Cépage-père Cépage-mère
Graine (pépin)
Multiplication (bouture, marcottage)
Voici comment sont nés tous les cépages du monde. Au départ, il faut la fécondation d’un cépage-mère par un cépage-père qui va produire une baie qui contient un pépin. Dans un croisement délibéré, l’obtenteur récolte simplement les pépins et les plante en pots. Par contre, dans un croisement spontané qui a lieu dans une vigne, il faut premièrement que la baie ne soit pas vendangée. Ensuite, il faut que la baie tombe à terre ou qu’elle soit mangée par un oiseau qui ira déféquer les pépins sur place ou dans une autre vigne. Un pépin peut alors germer et devenir un cep de vigne. Ce cep de vigne doit être repéré par le vigneron pour ses qualités. Si ce nouveau cépage est intéressant, il va vouloir le multiplier (par bouturage ou marcottage). Il faut ensuite que son voisin s’intéresse à ce nouveau cépage et décide d’en planter lui aussi. Puis tout le village, toute la région, tout le pays et finalement toute la planète peuvent le multiplier et le planter, comme c’est le cas aujourd’hui du Cabernet Sauvignon par exemple. Au fil des multiplications, l’ADN subit naturellement des mutations. La plupart d’entre elles n’ont pas d’effet apparent. Par contre, certaines sont spectaculaires, comme un changement de la couleur, de la taille des grappes, de la précocité de maturation, etc. On appelle ça des clones, et l’ensemble de tous les clones constitue le cépage. Ainsi, plus un cépage est vieux, plus il a de clones, comme par exemple le Pinot qui en a plusieurs centaines. C’est la biodiversité intravariétale.
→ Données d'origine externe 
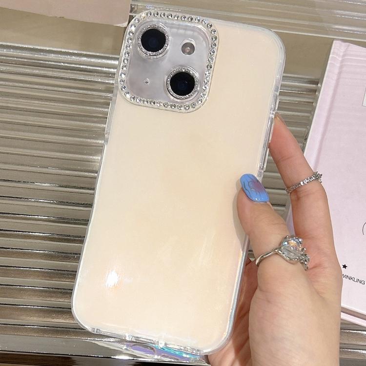 For iPhone 15 Precise Cutouts Transparent Diamonds Jelly Phone Case(White)

Chaque pépin est unique et sa germination donnera naissance à un nouveau cépage. Si le pollen vient de la même fleur, c’est une autofécondation. C’est ce qui se passe dans la vaste majorité des cas, sinon nous n’aurions jamais autant de vendanges chaque année. Pour une fécondation croisée, il faut que le pollen soit transporté par de petits insectes (diptères) ou par le vent, ce qui arrive moins souvent car l’autofécondation a lieu généralement avant l’ouverture de la fleur.
Comme chez l’homme, tous les cépages ont un père et une mère. Depuis le 19e siècle, l’homme est capable de créer un nouveau cépage en appliquant le pollen du père sur le pistil de la mère. Auparavant, les croisements se faisaient naturellement et spontanément dans les vignes.
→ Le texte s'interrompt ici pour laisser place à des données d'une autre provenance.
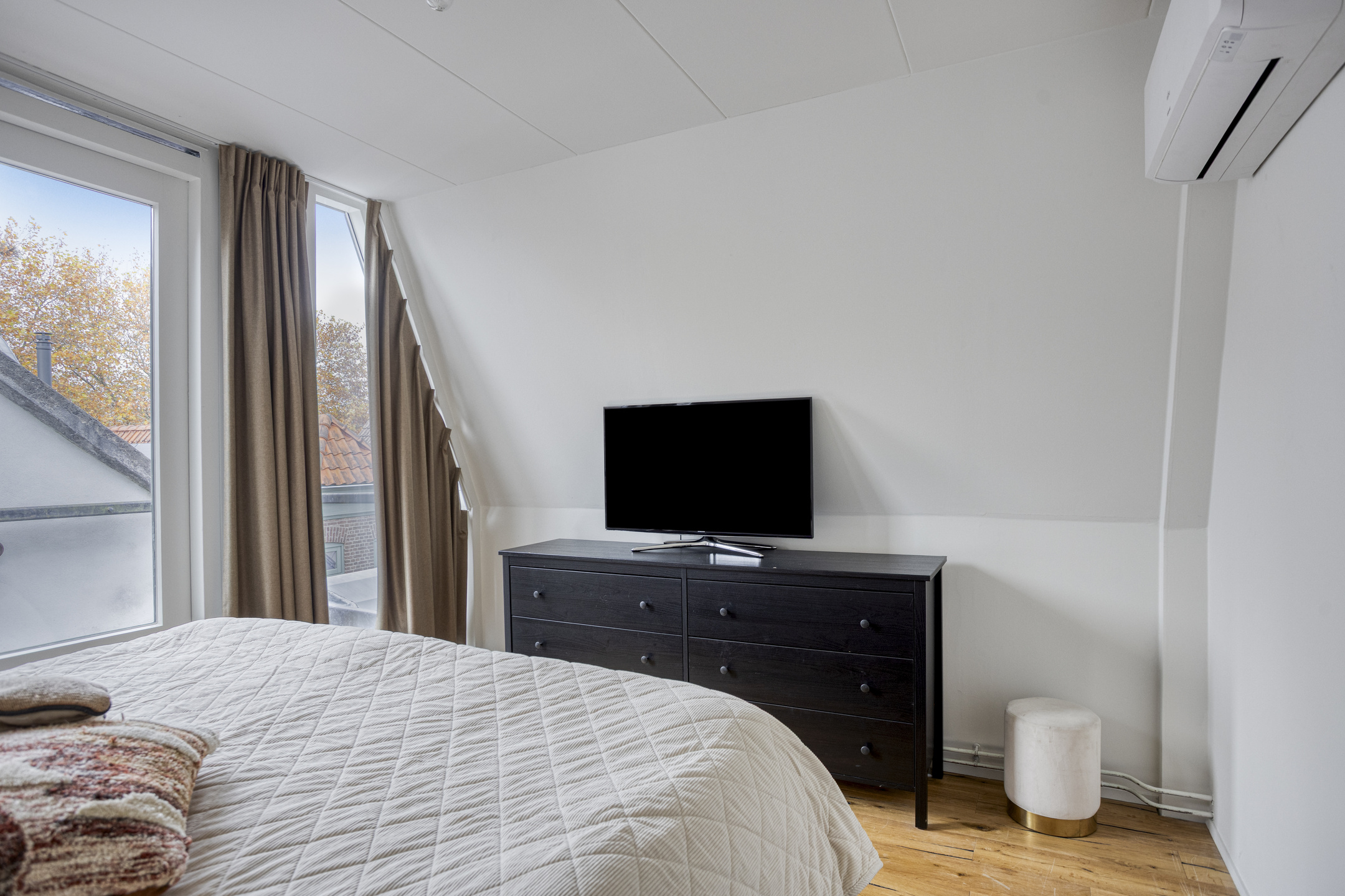 Op de tweede verdieping twee slaapkamers. De grote slaapkamer heeft een deur naar dakterras aan de voorzijde van het pand. De tweede kleinere slaapkamer ligt aan de achterzijde. Op deze verdieping treft u ook een wasruimte aan met plek voor de wasmachine, droger en omvormer voor de 3 zonnepanelen op het dak.

On arrive alors à la définition stricte du mot « cépage » : c’est l’ensemble des clones qui se sont différenciés par multiplication végétative à partir d’une seule plante initiale, elle-même issue d’un seul pépin généré par deux cépages-parents.
QU’EST-CE QUE L’AMPÉLOGRAPHIE ?
Du grec ancien ámpelos = plant de vigne et gráphein = décrire, c’est la science qui décrit la morphologie des cépages afin de les identifier. Quant à l’ampélologie (du grec ancien lógos = parole, discours, raison, relation), c’est la science qui étudie les cépages en termes d’évolution, d’origine, de liens de parentés et de comportement avec l’environnement.
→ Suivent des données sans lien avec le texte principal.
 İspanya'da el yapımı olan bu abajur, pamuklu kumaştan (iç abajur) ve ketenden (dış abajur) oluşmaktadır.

L’OIV (Organisation Internationale de la Vigne et du Vin) a défini 352 critères ampélographiques pour décrire les variétés de vigne, basés sur la forme des grappes, des baies ou des rameaux, et surtout sur la morphologie des feuilles, comme ici le critère OIV 608 pour la mesure de l’angle entre deux nervures. © Julius Kühn-Institut - Federal Research Centre for Cultivated Plants (JKI).